--- DATA LISTING ---
▽

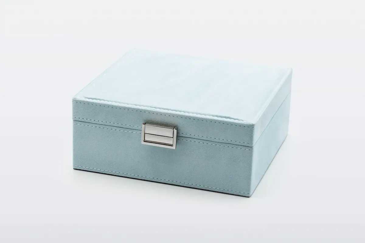 Our travel case is a versatile and stylish option for all your on-the-go storage needs. It is expertly crafted in a sleek sky blue velvet material, providing a luxurious and sophisticated look. The material is soft to the touch and adds a sense of elegance to the case.
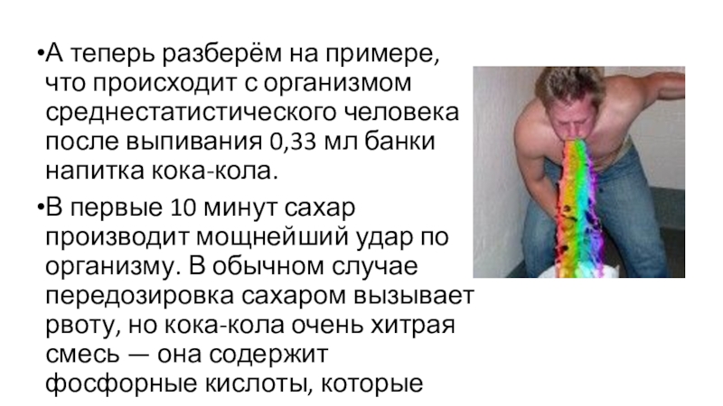 В первые 10 минут сахар производит мощнейший удар по организму. В обычном случае передозировка сахаром вызывает рвоту, но кока-кола очень хитрая смесь — она содержит фосфорные кислоты, которые предотвращают рвоту.
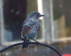 Blue birds don’t normally frequent feeders, especially if the feeders are crowded. But offering meal worms (preferably live worms rather than dried ones) can change their minds – especially if there are babies still in the nest or fledglings that need to be fed. Clean water in a shallow bird bath will also attract blue birds.
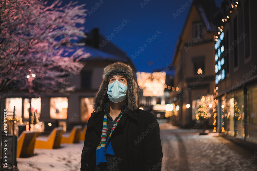 the attractive kind man in a fur hat and face mask with illuminated city lights at night during the celebration of Christmas and on New Year's Eve 2021 during the coronavirus covid-19 pandemic
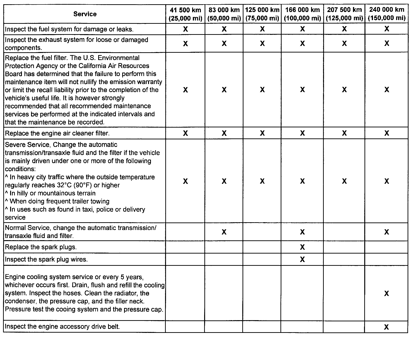 service (I or II) after the indicated miles (kilometers) shown for each item.
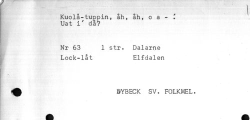 //// . .. . - . * . ; ^ , . //// Kuolå-tuppin, åh, åh, o a - ^ //// Uat i' da? //// Nr 63 1 str. Dalarne //// * //// Lock-låt Elfdalen //// * //// BYBECK SV. FOLKMEL. //// . ////
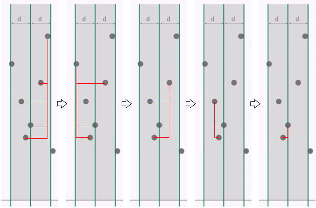 ④ 중간 부분에서도 마찬가지로 x 좌표상 거리가 『d』 이하인 점들끼리만 실제 거리를 비교합니다.
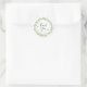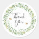 Ein runder Aufkleber mit dem Text Dankeschön, mit einem hübschen Blattkranz in sanften Grüntönen und kleinen Honigbienen, alles in Aquarell. Koordiniert wunderschön mit unseren Baby Dusche Einladungen und mehr. Ideal für Taschen mit Gefallen.
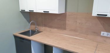 Соберём каркасы, навесим шкафы, дверцы и фурнитуру. Всё отрегулируем. Установим, мойку с сифоном и смесителем.
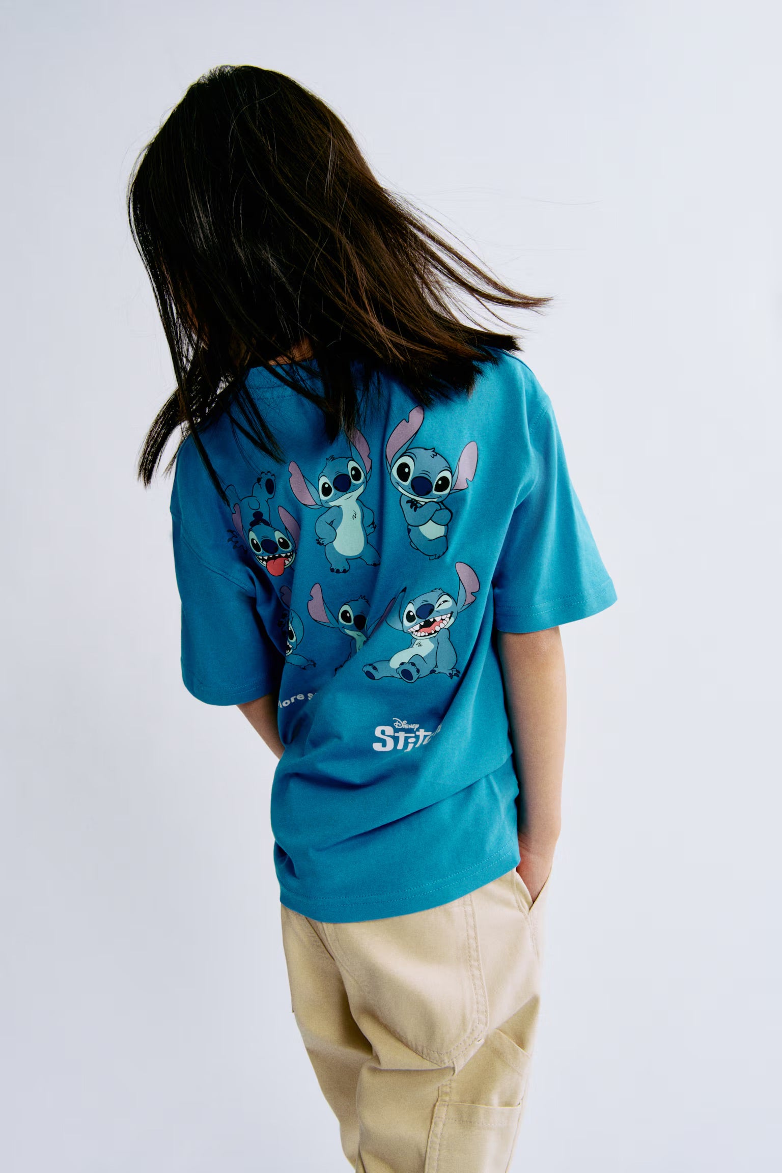 Esta polera oversized de algodón jersey suave ofrece comodidad y estilo con un diseño estampado inspirado en Lilo & Stitch. Cuenta con un escote acanalado y hombros caídos que aportan un ajuste relajado y moderno, ideal para un look casual y cómodo durante todo el día.

△

Between and including the line with "the attractive kind" and the line with "service (I or", repeat every line exactly as it appears above, with pictures left out.

 the attractive kind man in a fur hat and face mask with illuminated city lights at night during the celebration of Christmas and on New Year's Eve 2021 during the coronavirus covid-19 pandemic
 service (I or II) after the indicated miles (kilometers) shown for each item.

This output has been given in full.